The transcripts from this conspiracy case show that several founding Brotherhood members who were indicted in 1972, including Jack “Dark Cloud” Harrington, who is deceased, were still flying back and forth between Southern California and Kabul, arranging hash loads years later. There is a lot of testimony from the government's main witness Walter McAllister, that Smith was directly involved in the scheme, but there's a tiny problem. The Smith McAlllister was talking about was a different guy, a certain Vernon “Smitty” Smith, who was a carpenter who helped construct Mystic Arts World, the Brotherhood's head shop, art gallery, beadshop and bookstore on Pacific Coast Highway.

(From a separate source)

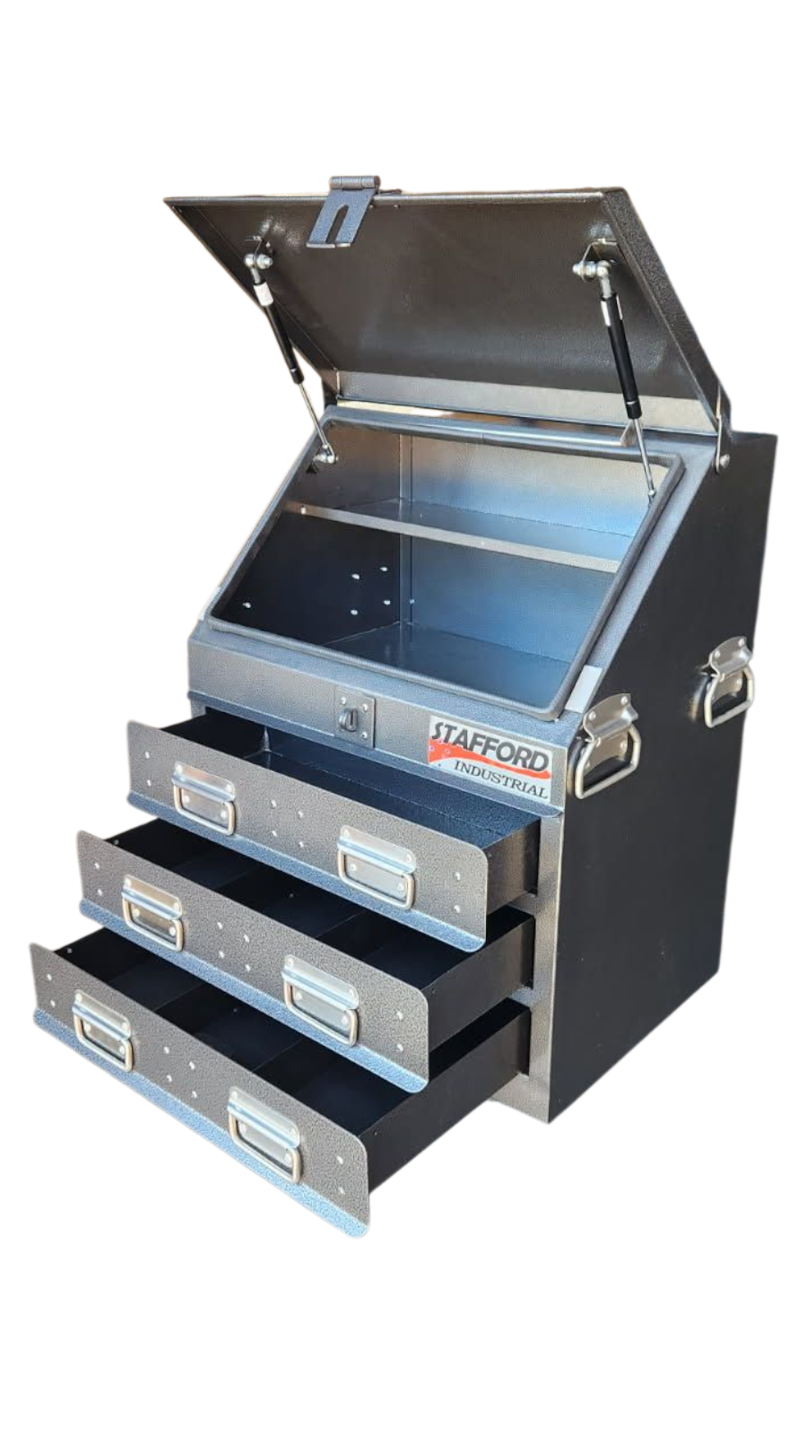 The Stafford Three Drawer Ute Box is a heavy duty gauge steel fabricated tool box. Water proof and lockable, this tool box is made to combat the harsh environments of living on the back of your Ute. With 1.5mm thick walls, four drawers, gas struts and a powder coated finish this large storage space is the tradesman’s best mate.

At one point in the transcript, prosecutors ask McAllister about Brenice Smith and his involvement. Pressed for details, the best McAllister could say was that he thought Brenice Smith might have been at the house in San Clemente where certain discussions about the smuggling operation took place, but that he wasn't sure. And while McAllister did testify that Smith flew to Kabul with Harrington at one point during the venture, he didn't fly there to help with the smuggling operation, but rather to visit “his goofy guru.” McAllister added that all Smith and Harrington did on this trip was “build a tennis court” in Kabul, “which slowed everything down.”

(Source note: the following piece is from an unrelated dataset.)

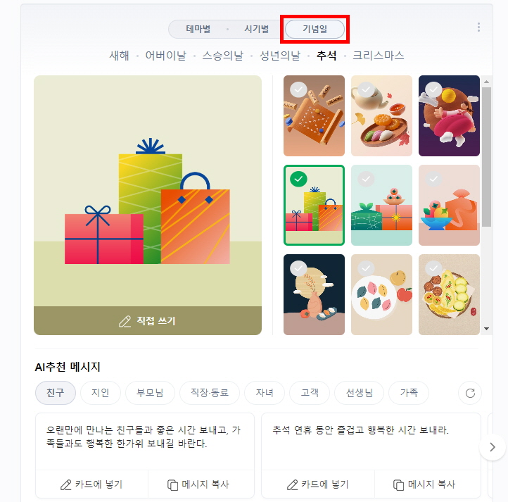 • 여러 기념일 中, 추석 클릭 → 우측에서 원하는 카드이미지 선택

So there you go, folks: Brenice Lee Smith, guilty of building a tennis court and looking for his goofy guru, whoever that was. 
It's unclear if Deputy District Attorney Jim Hicks, the son of Cecil Hicks, who presided over the DA's office during the original Brotherhood conspiracy case, has even bothered to read through the transcripts from this second conspiracy case. However, Gerardo Gutierrez, Smith's Chicago-based attorney, has already filed a motion to have all the charges against his client dismissed. Smith's next hearing is scheduled for December 7, a day that will live in infamy if Hicks doesn't come to his senses and end this expensive charade once and for all, thus having the honor of closing the books on the long, strange trip that is the story of the Brotherhood of Eternal Love, perhaps the most surreal saga ever to take place in Orange County.